陈默感到一阵眩晕。这是一个死局。无论怎么选,都是输。

“为什么会这样?”他问,“才跌了不到20%,怎么就没人买了?”

“因为恐惧是会自我实现的。”老陆说,“一个人卖,引起十个人卖;十个人卖,引起一百个人卖。卖的人越多,价格越低;价格越低,越多人想卖。最后,买家消失了——他们要么没钱了,要么不敢买了,要么在等更低的价格。”

他顿了顿,加重语气:“这时候,你的止损单,你的技术分析,你的交易系统,全都失效了。因为市场最基本的假设——‘总是可以按某个价格成交’——不存在了。”

陈默突然想起了蔡老师。那个破产的交易员,在最后时刻是不是也遇到了这种情况?想割肉,但没人接盘,只能眼睁睁看着亏损扩大,直到崩盘?

他打了个寒颤。

十点三十分,陈默决定撤单。

他点击“撤单”,系统提示“撤单成功”。然后立刻重新委托:1000股,市价卖出。

这一次,成交速度更慢。

十点三十一分,成交200股,成交价18.43元。

十点三十五分,成交150股,成交价18.40元。

十点四十分,成交100股,成交价18.38元。

还有550股没成交。而股价已经跌到18.35元。

亏损在扩大。如果他能在18.50元全部卖出,亏损大约是300元(考虑之前的部分浮盈)。但现在,实际成交均价被拉低到18.45元左右,亏损扩大到近500元。

更重要的是,剩下的550股,还不知道能以什么价格卖出。

陈默感到一种深深的无力感。他遵守了纪律,执行了止损,但市场不配合。就像一个士兵按照操典做出了完美的战术动作,却发现敌人不按套路出牌。

工具失效了。这是他第一次如此真切地意识到,投资不是一道数学题,没有绝对正确的答案。再好的策略,也需要市场环境的配合。

而现在的市场,是一潭死水。

十点五十分,陈默做出了一个决定:不再撤单,就这样挂着。

他要把这个过程完整记录下来,作为未来永远铭记的教训。

他打开笔记本,翻开新的一页,写下标题:“流动性陷阱——当止损失效时”。

然后开始记录时间、价格、成交量、盘口变化……每一个细节。字迹有些颤抖,但他写得很认真,像在书写自己的墓志铭。

十一点钟,指数跌破1370点。

营业部里响起了第一声失控的哭喊。是个中年女人,声音尖利:“我的钱啊!我的钱啊!”

没有人安慰她。所有人都沉浸在自己的痛苦里,无力顾及其他。

王阿姨摘下老花镜,用衣角擦拭,擦了又擦,好像镜片上有什么擦不掉的污渍。老张的烟灰缸满了,烟蒂堆成小山,他还在抽,一根接一根。
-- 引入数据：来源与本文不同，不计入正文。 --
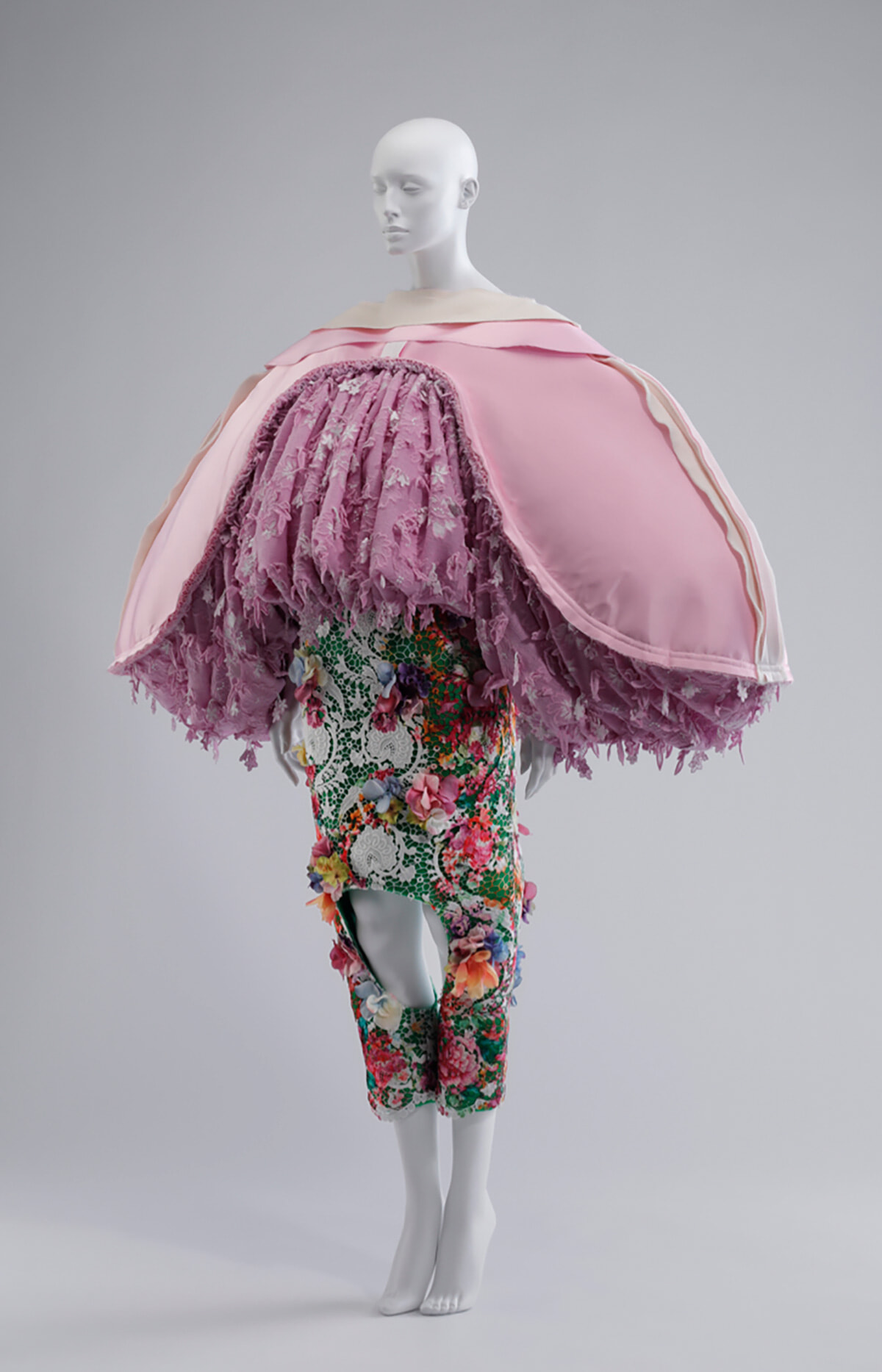 「見たこともないシルエット、なめらかなピンクの繻子の下にふんだんに重ねられた刺繍の織物。服そのものが巨大な植物のようにも、壮大な物語のようにも見える。そして、いまにも羽ばたきそうな変容もはらんでいる」(千早)。
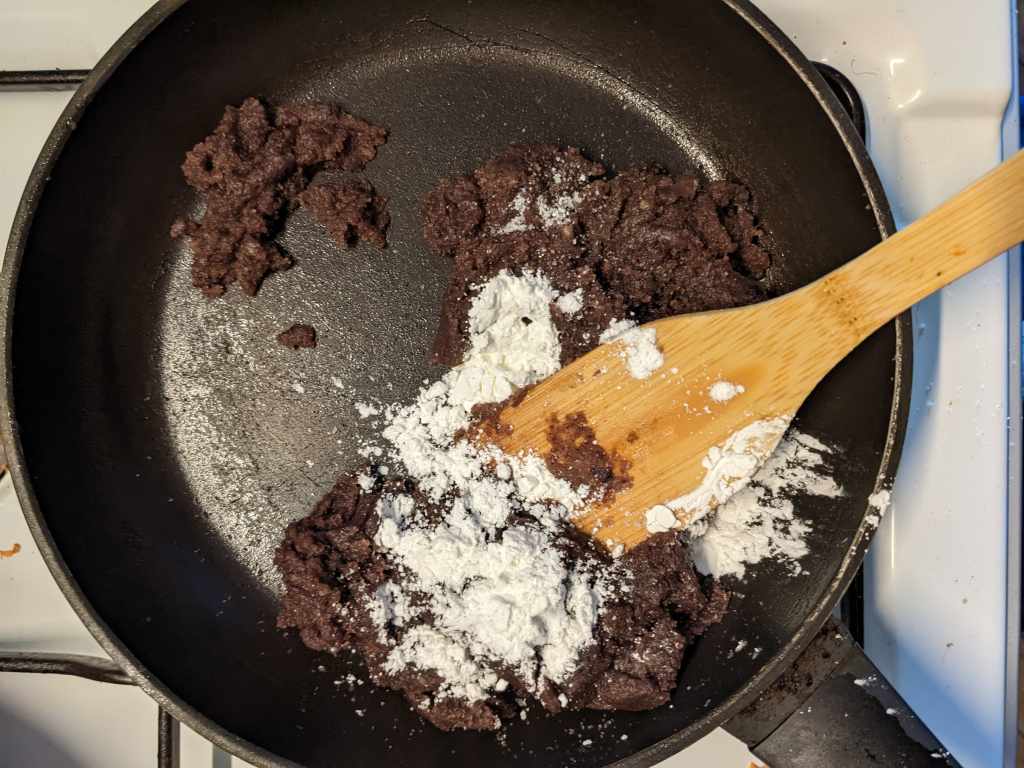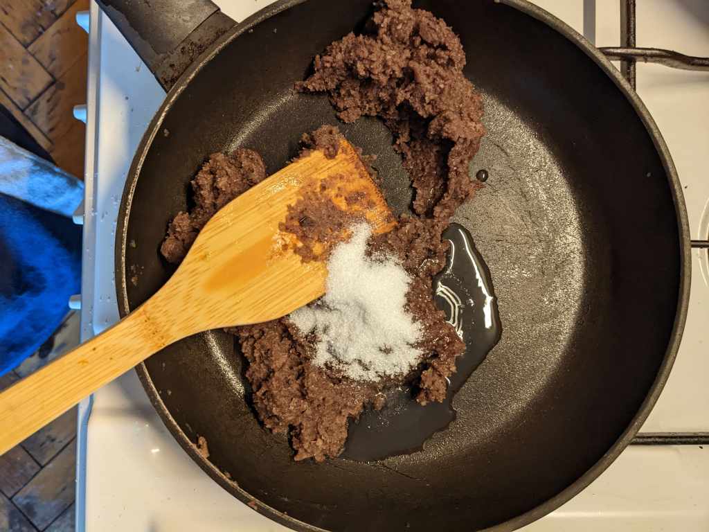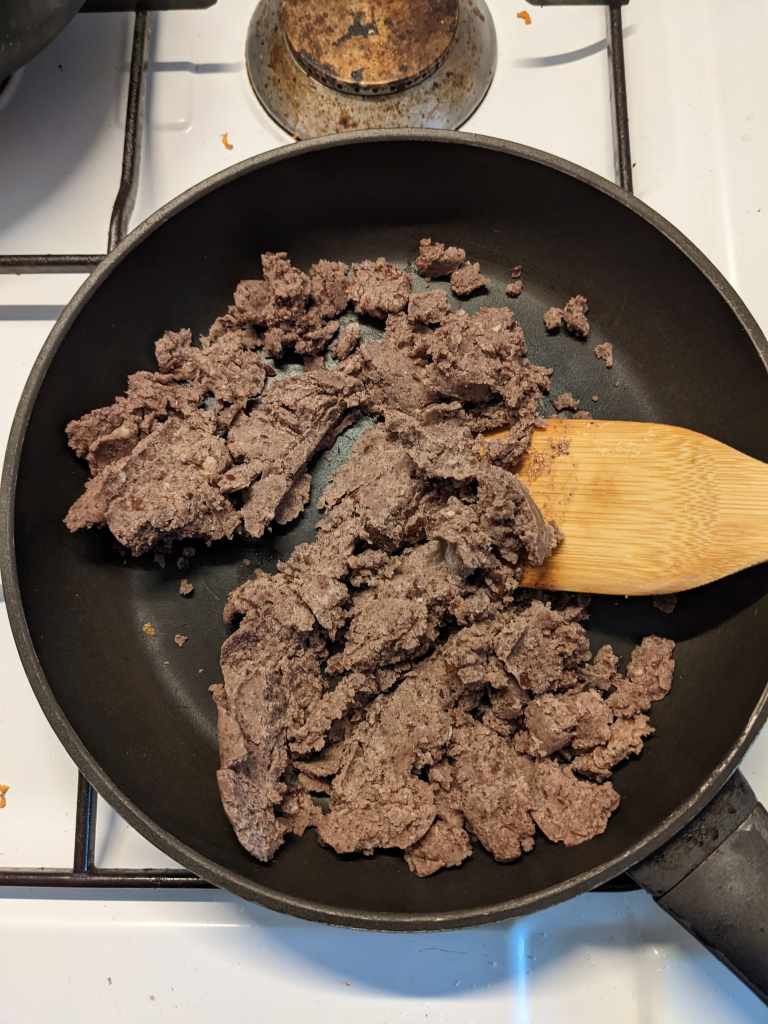 After they’ve had their nice long soak, drain the beans and put them in a saucepan with fresh water. Bring to the boil and cook for 45 minutes to an hour stirring every once in a while. You can check the beans are done by squishing one between your fingers. Why not use this beany time to tune into the ‘Three Bean Salad’ podcast. Once cooked, drain and blend into a smooth paste resembling refried beans and then place into a frying pan over a medium heat.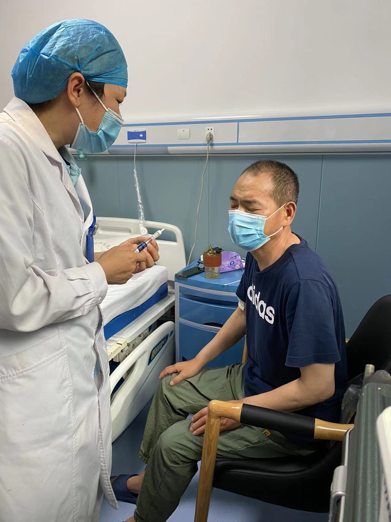 殷翠平为刘先生仔细演示了预混胰岛素的摇匀方法:预混胰岛素应在手掌水平滚搓至少10次,手肘和小臂上下摇晃10次,动作宜轻柔,重复操作直到胰岛素透明的部分和乳白色的部分混合成没有絮状物的均匀乳白色悬浮液后才可进行注射。

赵建国回来了。他的眼睛更红,手里攥着一张纸——医院的缴费单。他妻子病了,需要住院,押金三千。他账户里还有钱,但那是股票,套着的股票。要取出来,就得割肉。

“小陈……”他声音嘶哑,“你说,我现在该卖吗?”

陈默看着他,看着那张缴费单,看着那双绝望的眼睛。他该说什么?说“再等等,会反弹的”?还是说“赶紧卖,还会跌”?

最后,他说:“嫂子治病要紧。”

赵建国点点头,眼泪又下来了。他坐回座位,打开交易软件,手指颤抖着输入卖出指令。全仓,所有股票,市价。

委托提交后,他双手抱头,一动不动。

陈默看向赵建国的屏幕。他的股票也在跌,卖盘厚重,买盘稀薄。市价委托,能成交多少?不知道。

原来,这就是市场的真相。在风和日丽的日子里,大家谈论着K线、成交量、庄家动向,仿佛一切尽在掌握。但当暴风雨真的来临,才发现,所有的知识和技巧,在流动性枯竭面前,都苍白无力。